De artikelen 9 en 10 van de Verordening monitoring en rapportering CO2-emissies en brandstofverbruik van nieuwe zware bedrijfsvoertuigen bieden de Commissie de rechtsgronden om uitvoeringsmaatregelen vast te stellen en door middel van gedelegeerde handelingen niet-essentiële elementen van de bijlage I en II te wijzigen. Tot de aan de Commissie verleende gedelegeerde bevoegdheden behoren de aanpassing en bijwerking van de te controleren gegevensparameters en de verschillende stappen van de in de bijlagen I en II vastgestelde monitoringsprocedure. Het kabinet heeft hier geen bezwaar tegen. In het BNC-fiche dat uw Kamer hierover heeft ontvangen wordt nader ingegaan op deze voorstellen en de positie van het Kabinet daaromtrent.

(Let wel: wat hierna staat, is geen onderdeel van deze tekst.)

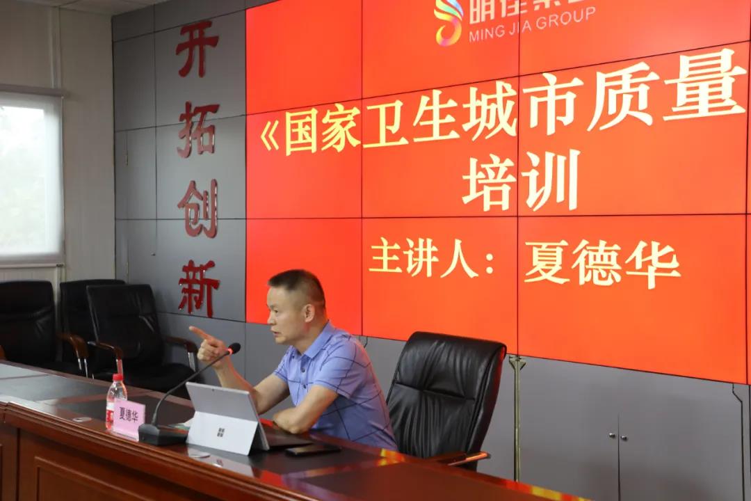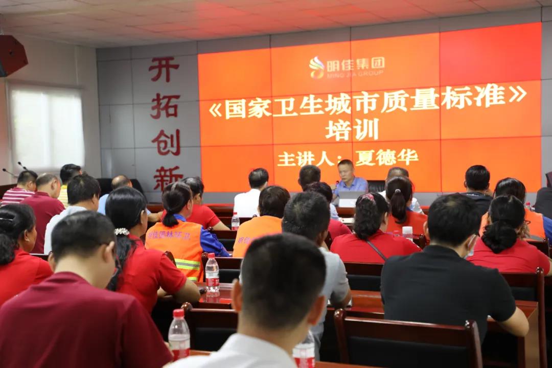 此次培訓(xùn)分三項(xiàng)內(nèi)容:一是總裁陳云分析國(guó)家衛(wèi)生城市復(fù)審形勢(shì);二是夏德華調(diào)研員進(jìn)行《國(guó)家衛(wèi)生城市質(zhì)量標(biāo)準(zhǔn)》培訓(xùn);三是副總羅京鮮結(jié)合公司現(xiàn)狀進(jìn)行講解。
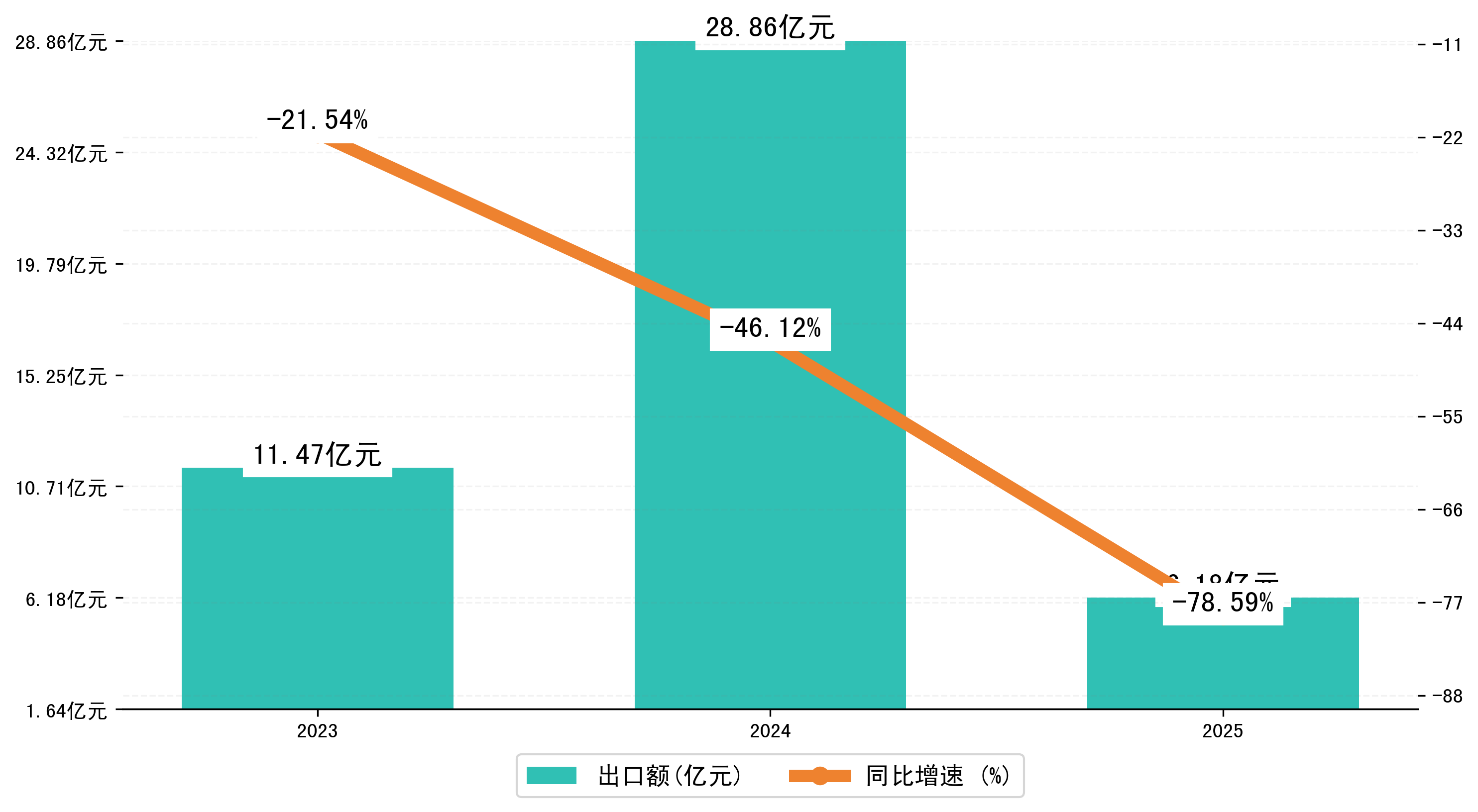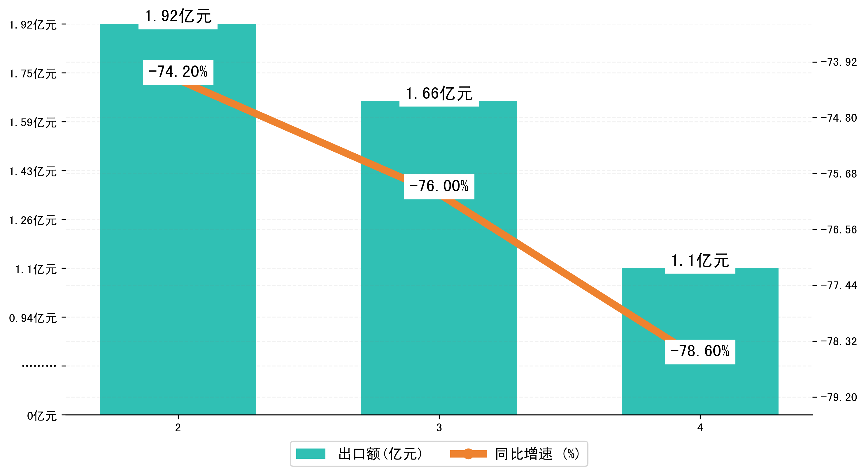 以美元计,2025年1-4月榆林市出口额为8635.9518万美元,相比上年同期减少了3,1972.9432万美元,同比减少-78.70%。

De leden van de VVD-fractie vragen wat er uit de proportionaliteits- en subsidiariteitstoetsen is gekomen in alle andere lidstaten.

Diverse lidstaten hebben algemeen vragen gesteld. Ook over subsidiariteit en proportionaliteit. Veel lidstaten hebben nog een studievoorbehoud bij de verschillende voorstellen. De uitkomsten van eventuele nationale toetsen zijn niet bekend.

Voorts vragen de leden of aangegeven kan worden wat de verwachte stemverhouding bij de 27 lidstaten zal zijn voor wat betreft de hoofdthema’s.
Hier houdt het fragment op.